#### [What the exercise asks]
What you print should match the entries exactly, only without the pictures.

#### [Provided entries]
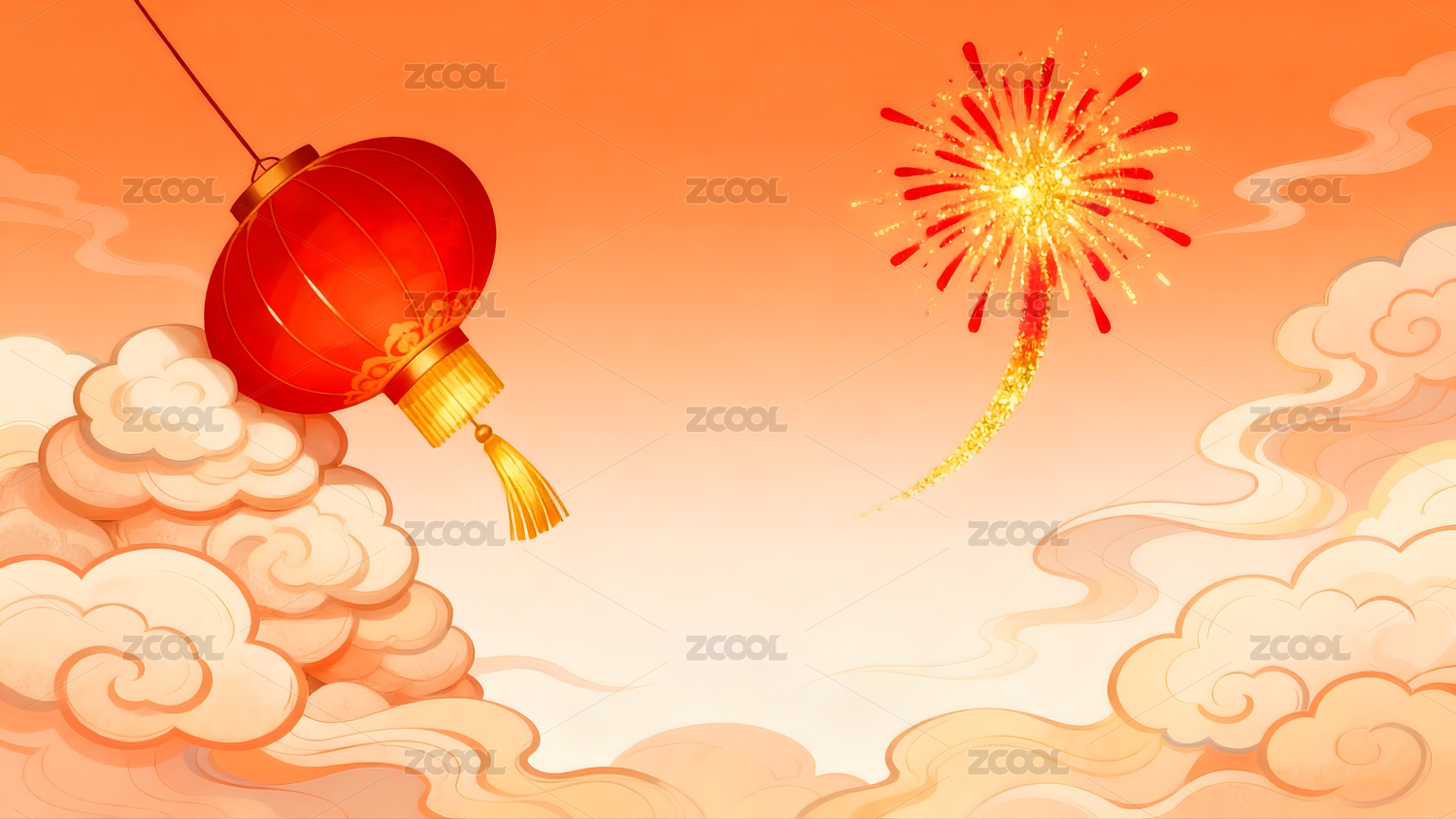 新年,春节,灯笼,烟花,节日,喜庆,红色,祥云,中国风,传统
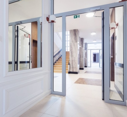 DAKO Fire doors manufacturer offer products that are not only stylish and modern but also fully compliant with all safety standards. Their doors are made from sleek aluminium and are available in a wide range of colours, from classic black to bright yellow and dark blue. Fully glazed panels allow natural daylight to pass through, while also offering visibility into rooms and along corridors. DAKO fire door features include:
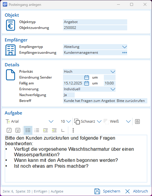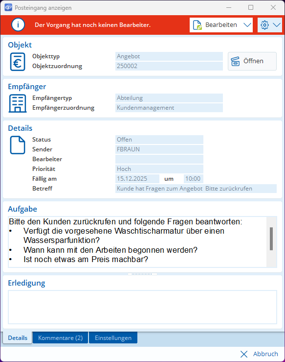 - Tragen Sie im Posteingang die Erledigung des Posteingangs ein, z. B. Antworten auf Fragen zum Angebot des Kunden.
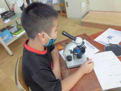 顕微鏡をのぞきながら,プリントに絵や言葉で記録しました。
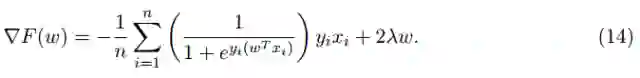 这一类中包含很多机器学习模型,包括支持向量机、Lasso(Least Absolute Shrinkage and Selection Operator)、稀疏逆协方差选择等。有关这些模型的详细信息请参见 [86] 和其中的参考文献。为了每一步都能具体(展现出来),此处我们指定以二分类的正则化logistic回归为例(进行讲解)。为了简化例子中的符号,我们作不失一般性的假设,令。(此处省去了偏置项 b0),这一省略操作可以通过在输入向量上增加一维恒为 1 的特征值来弥补)。当 w 和 x 都是 d 维时就可以令其为特定的凸优化问题。

#### [Answer to this problem]
 新年,春节,灯笼,烟花,节日,喜庆,红色,祥云,中国风,传统
 DAKO Fire doors manufacturer offer products that are not only stylish and modern but also fully compliant with all safety standards. Their doors are made from sleek aluminium and are available in a wide range of colours, from classic black to bright yellow and dark blue. Fully glazed panels allow natural daylight to pass through, while also offering visibility into rooms and along corridors. DAKO fire door features include:
 - Tragen Sie im Posteingang die Erledigung des Posteingangs ein, z. B. Antworten auf Fragen zum Angebot des Kunden.
 顕微鏡をのぞきながら,プリントに絵や言葉で記録しました。
 这一类中包含很多机器学习模型,包括支持向量机、Lasso(Least Absolute Shrinkage and Selection Operator)、稀疏逆协方差选择等。有关这些模型的详细信息请参见 [86] 和其中的参考文献。为了每一步都能具体(展现出来),此处我们指定以二分类的正则化logistic回归为例(进行讲解)。为了简化例子中的符号,我们作不失一般性的假设,令。(此处省去了偏置项 b0),这一省略操作可以通过在输入向量上增加一维恒为 1 的特征值来弥补)。当 w 和 x 都是 d 维时就可以令其为特定的凸优化问题。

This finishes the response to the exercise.